Department of Medicine, Karolinska Institutet, Stockholm, Sweden.
Department of Cardiology, Karolinska University Hospital, Stockholm, Sweden.
Eur J Heart Fail. 2018 Jan;20(1):152-160. doi: 10.1002/ejhf.975. Epub 2017 Sep 27.
Heart transplantation (HTx) and implantable left ventricular assist systems (LVAS) improve outcomes in advanced heart failure but may be underutilized. We hypothesized that screening can identify appropriate candidates.
The ScrEEning for advanced Heart Failure treatment (SEE-HF) study was a multicentre prospective study screening patients with existing cardiac resynchronization therapy (CRT) and/or implantable cardioverter-defibrillator (ICD) for ejection fraction ≤40% and New York Heart Association (NYHA) class III-IV, and subsequently for guideline-based HTx and LVAS indication. Of 1722 (mean age 64 ± 14 years, 26% women) patients screened at eight centres in seven European countries, 121 (7.0%) were eligible and 99 (5.7%; mean age 61 ± 10 years, 19% women) patients were enrolled for detailed assessment. Twenty-six of the 99 enrolled patients (26%) were eligible for either HTx or LVAD (18 eligible for HTx; 7 eligible for LVAD; and 1 eligible for both). Eleven patients were listed for HTx and three received an LVAS. Eligible patients were 61 ± 8 years and 19% women, whereas those actually receiving intervention were 56 ± 8 years and 8% women.
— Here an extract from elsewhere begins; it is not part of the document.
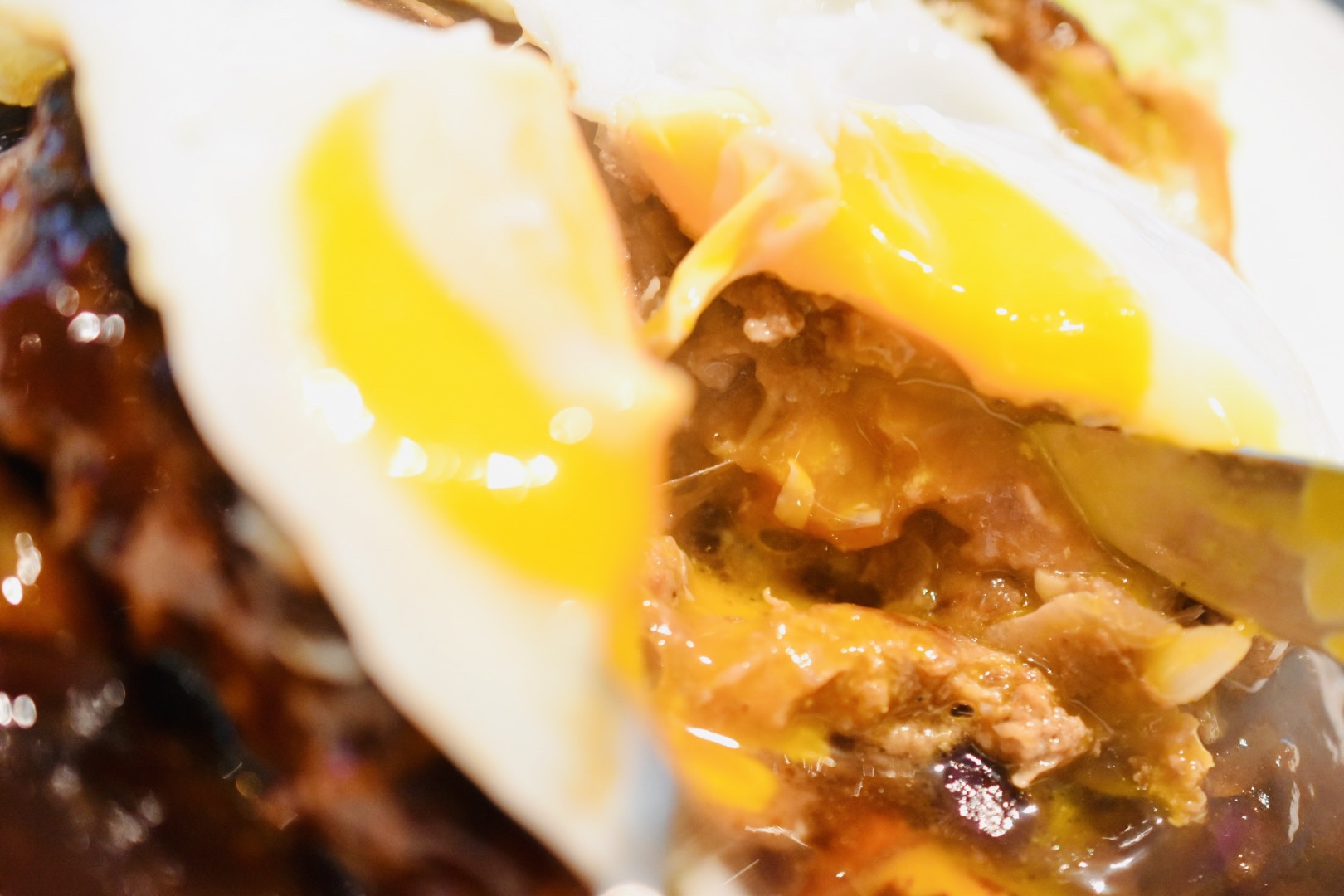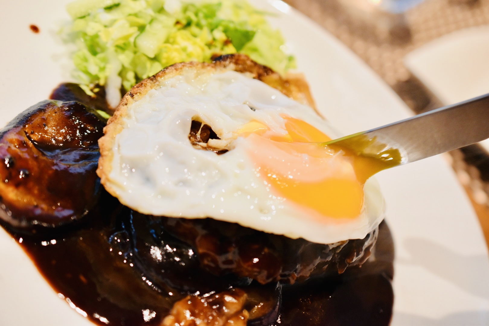 口の中に、卵とデミグラスソースを纏ったフワッフワなハンバーグの食感から溢れ出す、旨味‼︎ ソースの中に潜むナスもトロットロ。ハンバーグのフワフワとナスのトロットロが合わさり、至福以外の何者でもない。

Among patients with CRT and/or ICD, a minority have NYHA class III-IV heart failure and ejection fraction ≤40%. Among these, however, more than one-quarter have an unrecognized need for HTx or LVAS. When patients are offered intervention based on screening, many decline. Discrepancies exist between clinical and patient equipoise. Clinical Trial Registration ClinicalTrials.gov Unique Identifier: NCT00894387.
心脏移植(HTx)和植入式左心室辅助系统(LVAS)可改善晚期心力衰竭患者的预后,但可能未得到充分利用。我们假设筛查可以识别合适的患者。
ScrEEning for advanced Heart Failure treatment(SEE-HF)研究是一项多中心前瞻性研究,对已接受心脏再同步治疗(CRT)和/或植入式心脏转复除颤器(ICD)的患者进行筛查,以确定射血分数≤40%且纽约心脏协会(NYHA)心功能分级 III-IV 级的患者,并随后根据指南确定 HTx 和 LVAS 的适应证。在七个欧洲国家的八个中心筛查了 1722 例(平均年龄 64±14 岁,26%为女性)患者,其中 121 例(7.0%)符合条件,99 例(5.7%;平均年龄 61±10 岁,19%为女性)患者纳入详细评估。在 99 例纳入的患者中,有 26 例(26%)符合 HTx 或 LVAD 的适应证(18 例适合 HTx;7 例适合 LVAD;1 例适合两者)。11 例患者接受 HTx 治疗,3 例患者接受 LVAS。符合条件的患者年龄为 61±8 岁,其中 19%为女性,而实际接受干预的患者年龄为 56±8 岁,其中 8%为女性。
在接受 CRT 和/或 ICD 的患者中,少数患者存在 NYHA 心功能分级 III-IV 级和射血分数≤40%的心力衰竭。然而,在这些患者中,超过四分之一的患者有未被识别的 HTx 或 LVAS 需求。当根据筛查为患者提供干预时,许多人拒绝。临床和患者平衡之间存在差异。临床试验注册 临床试验.gov 唯一标识符:NCT00894387。